Since x^t | e, we have x^{2t} | e², so B·g_{2t} ≡ 1 (mod x^{2t}). ∎

8.0b Worked series inverse¶

Invert B = 1 − x modulo x^4 (the true inverse is 1 + x + x² + x³ + …). Start g_1 = B(0)^{−1} = 1 (correct mod x^1).

Step to mod x^2:  B·g_1 = (1−x)·1 = 1 − x;  2 − B·g_1 = 1 + x.
                  g_2 = g_1·(1 + x) = 1 + x   (mod x^2). ✓ (matches 1 + x)
Step to mod x^4:  B·g_2 = (1−x)(1+x) = 1 − x²;  2 − B·g_2 = 1 + x².
                  g_4 = g_2·(1 + x²) = (1 + x)(1 + x²) = 1 + x + x² + x³  (mod x^4). ✓

Each step doubled the count of correct coefficients (1 → 2 → 4), exactly as Theorem 8.1 guarantees, and g_4 = 1 + x + x² + x³ is the geometric series truncated to x^4. Verify: (1 − x)(1 + x + x² + x³) = 1 − x^4 ≡ 1 (mod x^4).

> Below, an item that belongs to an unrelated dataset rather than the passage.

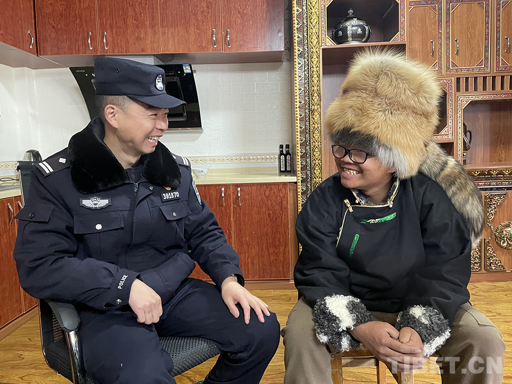 凜冽的寒風擋不住民警的暖心祝福,拉姆老阿媽開心地連連點頭。坐在院子里,走訪民警與老阿媽拉起了家常。“孩子,今年過年不回家嗎?”“老阿媽,這里就是我們的家,我們選擇堅守在這里,轄區(qū)群眾就是我們的家人。”民警韓其辰微笑地說道。民警們詢問了老阿媽近段時間的生活狀況,傾聽了老阿媽的所盼、所想、所需,并叮囑老阿媽要多保重身體,老有所樂、健康長壽、安享晚年。這一刻,“警情”是關愛與叮囑。
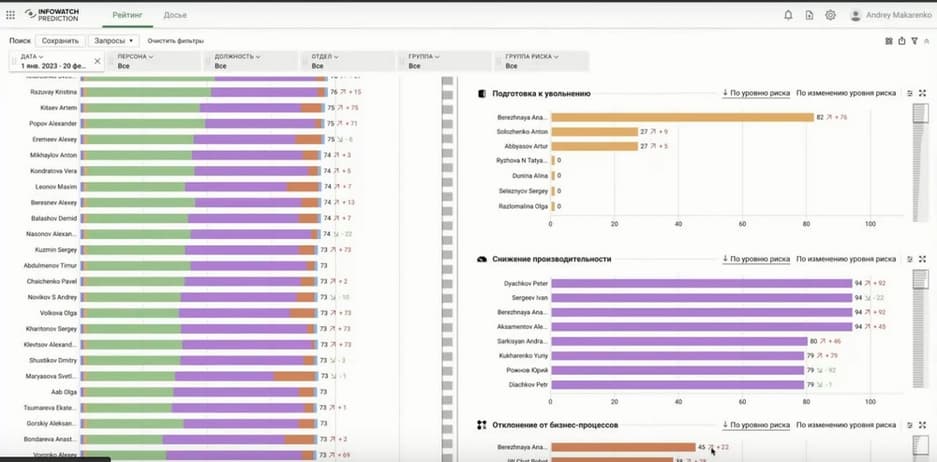 Можно по сотрудникам выявить некие отклонения, признаки того, что что-то идет не так. Это позволяет вовремя обратить внимание на складывающуюся ситуацию.

Theorem 8.2 (General Newton step). To solve Φ(g) = 0 for a series g (where Φ is an analytic operator with invertible linearization Φ'), the iteration g_{2t} = g_t − Φ(g_t)/Φ'(g_t) doubles the valuation of the error g_t − g* from ≥ t to ≥ 2t, because Taylor expansion gives Φ(g_t) = Φ'(g*)(g_t − g*) + O((g_t − g*)²) and the correction cancels the linear term, leaving error O((g_t − g*)²).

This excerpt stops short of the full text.